Activity: The entries that follow must be given again exactly, with the pictures excluded.

Entries taken from a collection:
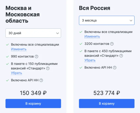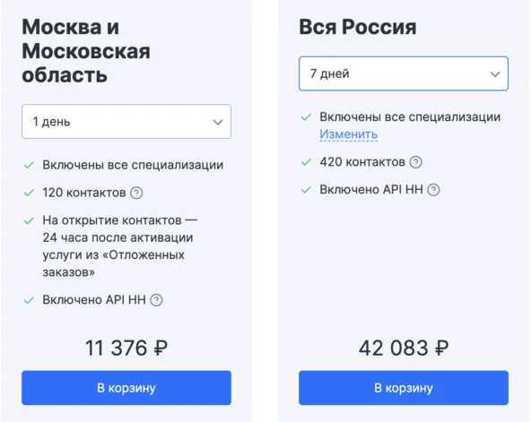 К тому времени, когда работодатели поймут, что количество целевых откликов катастрофически малое, в поисках подходящих кандидатов они могут начать использовать холодные звонки по базе данных, что в текущих условиях становится довольно затратным процессом. Расценки на hh.ru приведу ниже.
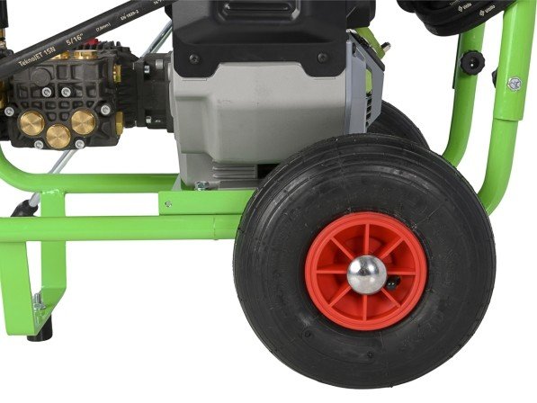 De hogedrukreiniger is voorzien van een stevige trolley voor eenvoudig transport. Een aanzuigset voor reinigingsmiddel is inbegrepen. Twee standen zijn beschikbaar: eco (energiezuinig) en boost (maximale kracht).
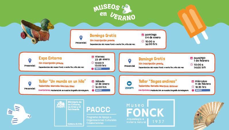 Durante el mes de enero, el Museo Fonck, ubicado en 4 Norte 784, esquina 1 Oriente, Viña del Mar, llevó a cabo diferentes actividades en el marco de la iniciativa Museos en Verano, entre las que destacaron la entrada liberada el primer domingo del mes y una exposición gráfica en el entorno dedicada a las aves de Chile. Además, el sábado 31 de enero de 2026, a las 11:00 horas, se realizará el taller de figuras de hilo “Un mundo en un hilo: descubriendo el patrimonio de la tradición oral”.
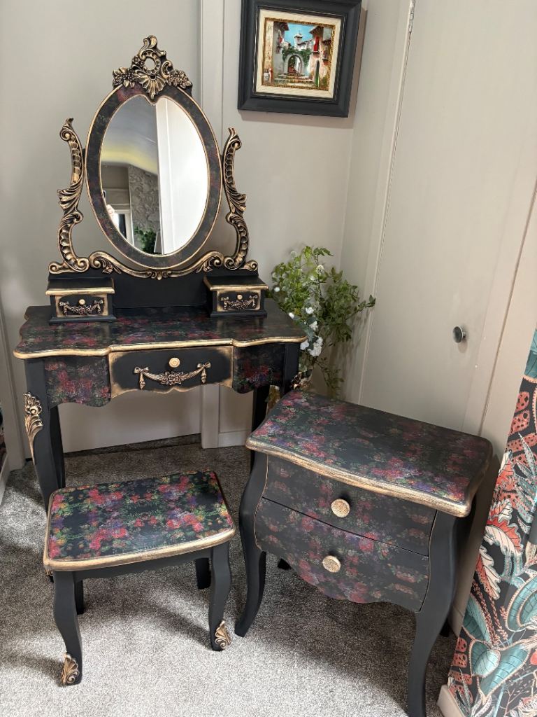 Bespoke French vintage style dressing table with mirror stool and stool and bedside cabinet. Black with decoupage detail , finished in gold guild
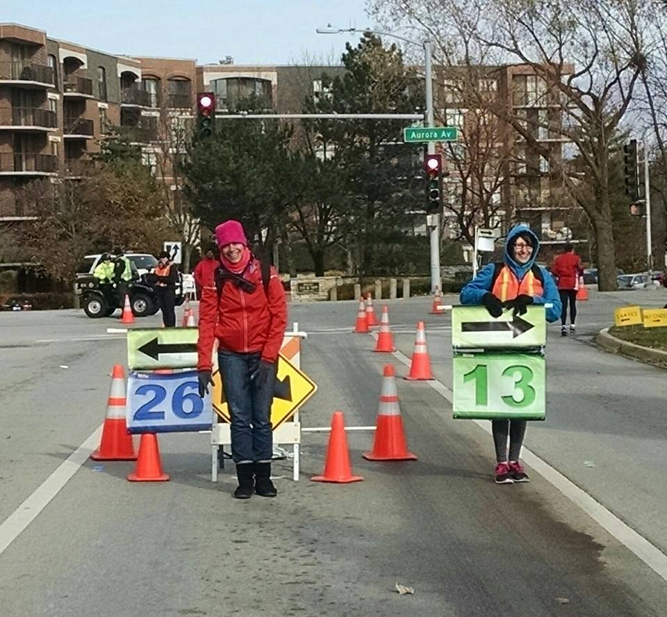 We lined up at the start, getting in to our respective corrals and bid each other high fives, hugs, and good luck. I turned and saw Claudia, a woman I met during the Fox Valley training runs I paced, so we agreed to start together. YAY! The national anthem was beautifully sung, (sang?) and the race kicked off…it only took about 10 minutes to cross the starting line. (They could’ve spaced this a little farther apart, as the course was slightly crowded the first few miles).
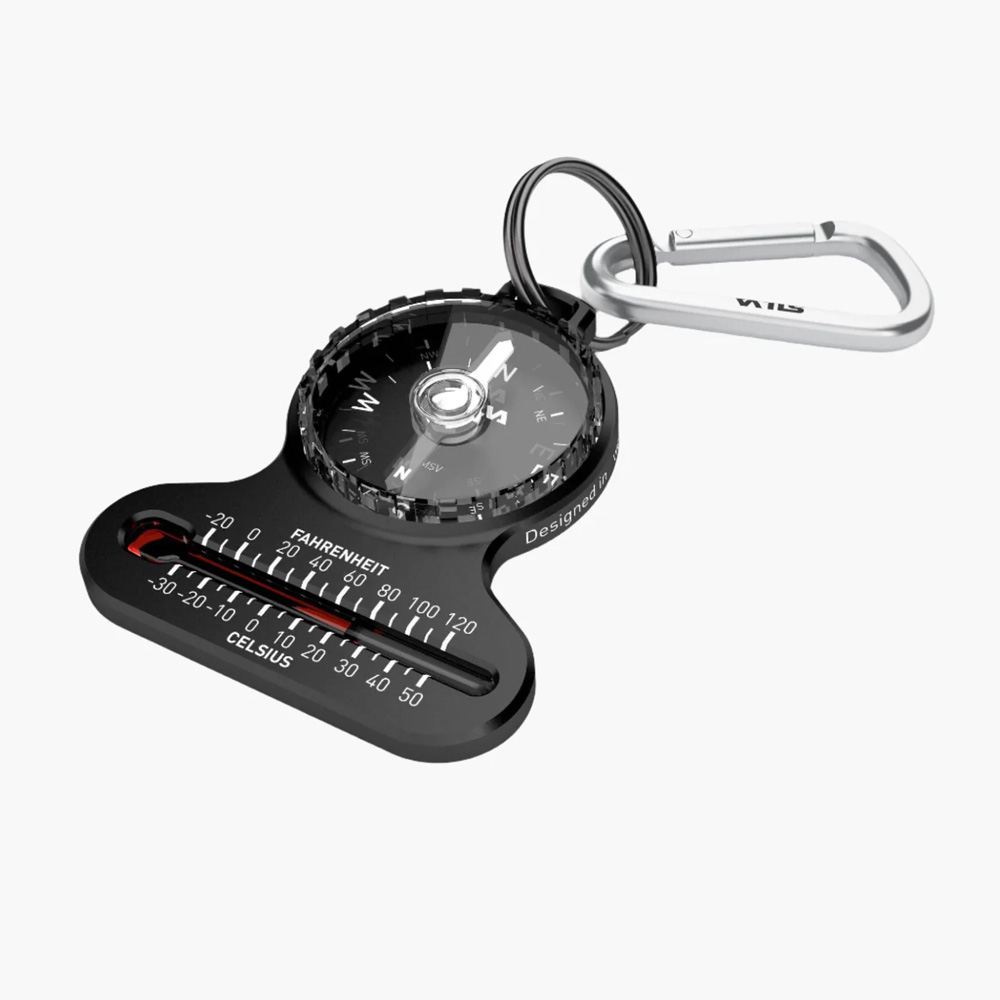 En liten och enkel kompass med termometer som visar de huvudsakliga riktlinjerna. Tack vare dess kompakta storlek och precisa nål så är det här en mycket smidig kompass att ta med på en vandringstur.
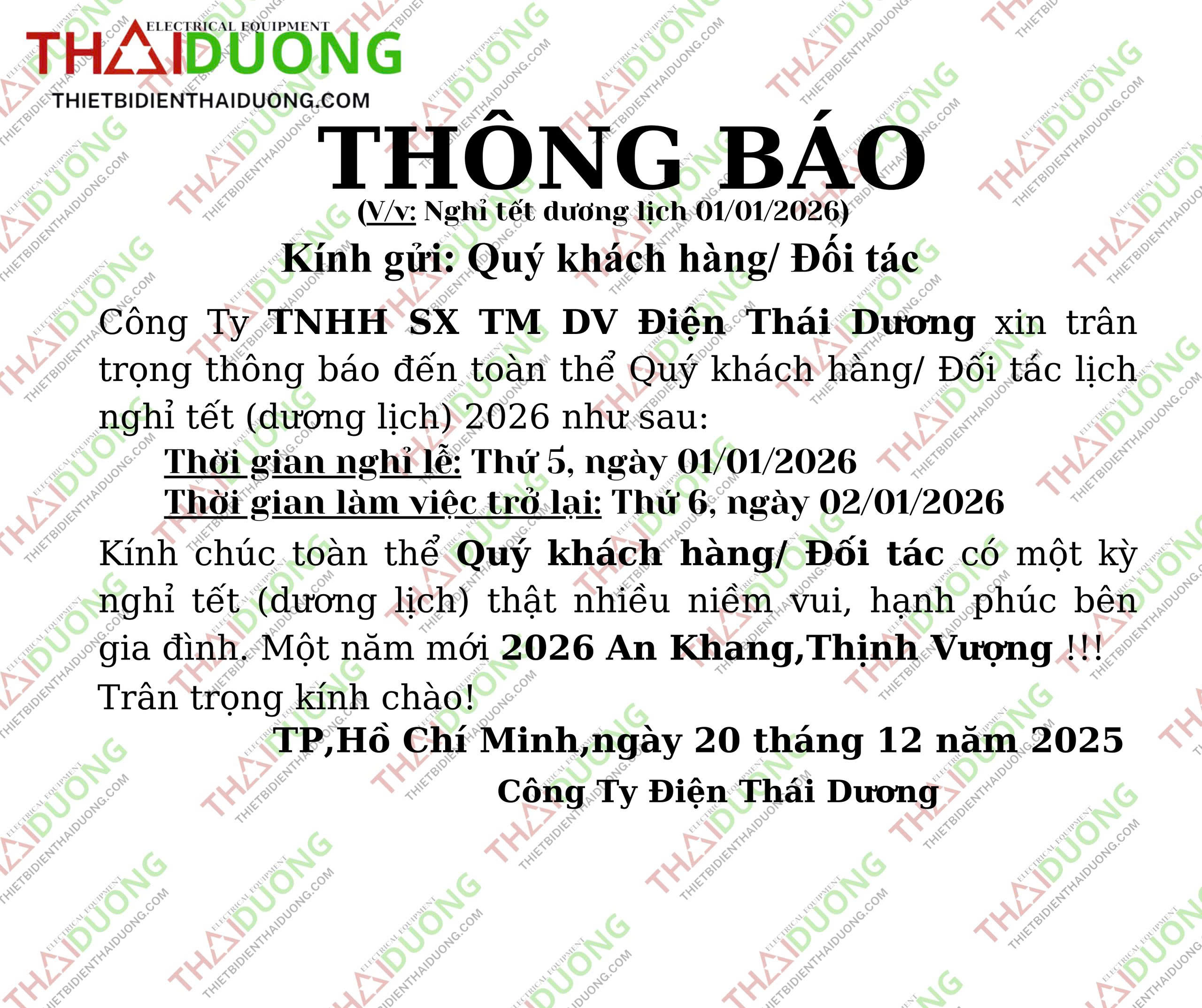 THÁI DƯƠNG ELECTRIC THÔNG BÁO NGHỈ TẾT DƯƠNG LỊCH

Answer section:
 К тому времени, когда работодатели поймут, что количество целевых откликов катастрофически малое, в поисках подходящих кандидатов они могут начать использовать холодные звонки по базе данных, что в текущих условиях становится довольно затратным процессом. Расценки на hh.ru приведу ниже.
 De hogedrukreiniger is voorzien van een stevige trolley voor eenvoudig transport. Een aanzuigset voor reinigingsmiddel is inbegrepen. Twee standen zijn beschikbaar: eco (energiezuinig) en boost (maximale kracht).
 Durante el mes de enero, el Museo Fonck, ubicado en 4 Norte 784, esquina 1 Oriente, Viña del Mar, llevó a cabo diferentes actividades en el marco de la iniciativa Museos en Verano, entre las que destacaron la entrada liberada el primer domingo del mes y una exposición gráfica en el entorno dedicada a las aves de Chile. Además, el sábado 31 de enero de 2026, a las 11:00 horas, se realizará el taller de figuras de hilo “Un mundo en un hilo: descubriendo el patrimonio de la tradición oral”.
 Bespoke French vintage style dressing table with mirror stool and stool and bedside cabinet. Black with decoupage detail , finished in gold guild
 We lined up at the start, getting in to our respective corrals and bid each other high fives, hugs, and good luck. I turned and saw Claudia, a woman I met during the Fox Valley training runs I paced, so we agreed to start together. YAY! The national anthem was beautifully sung, (sang?) and the race kicked off…it only took about 10 minutes to cross the starting line. (They could’ve spaced this a little farther apart, as the course was slightly crowded the first few miles).
 En liten och enkel kompass med termometer som visar de huvudsakliga riktlinjerna. Tack vare dess kompakta storlek och precisa nål så är det här en mycket smidig kompass att ta med på en vandringstur.
 THÁI DƯƠNG ELECTRIC THÔNG BÁO NGHỈ TẾT DƯƠNG LỊCH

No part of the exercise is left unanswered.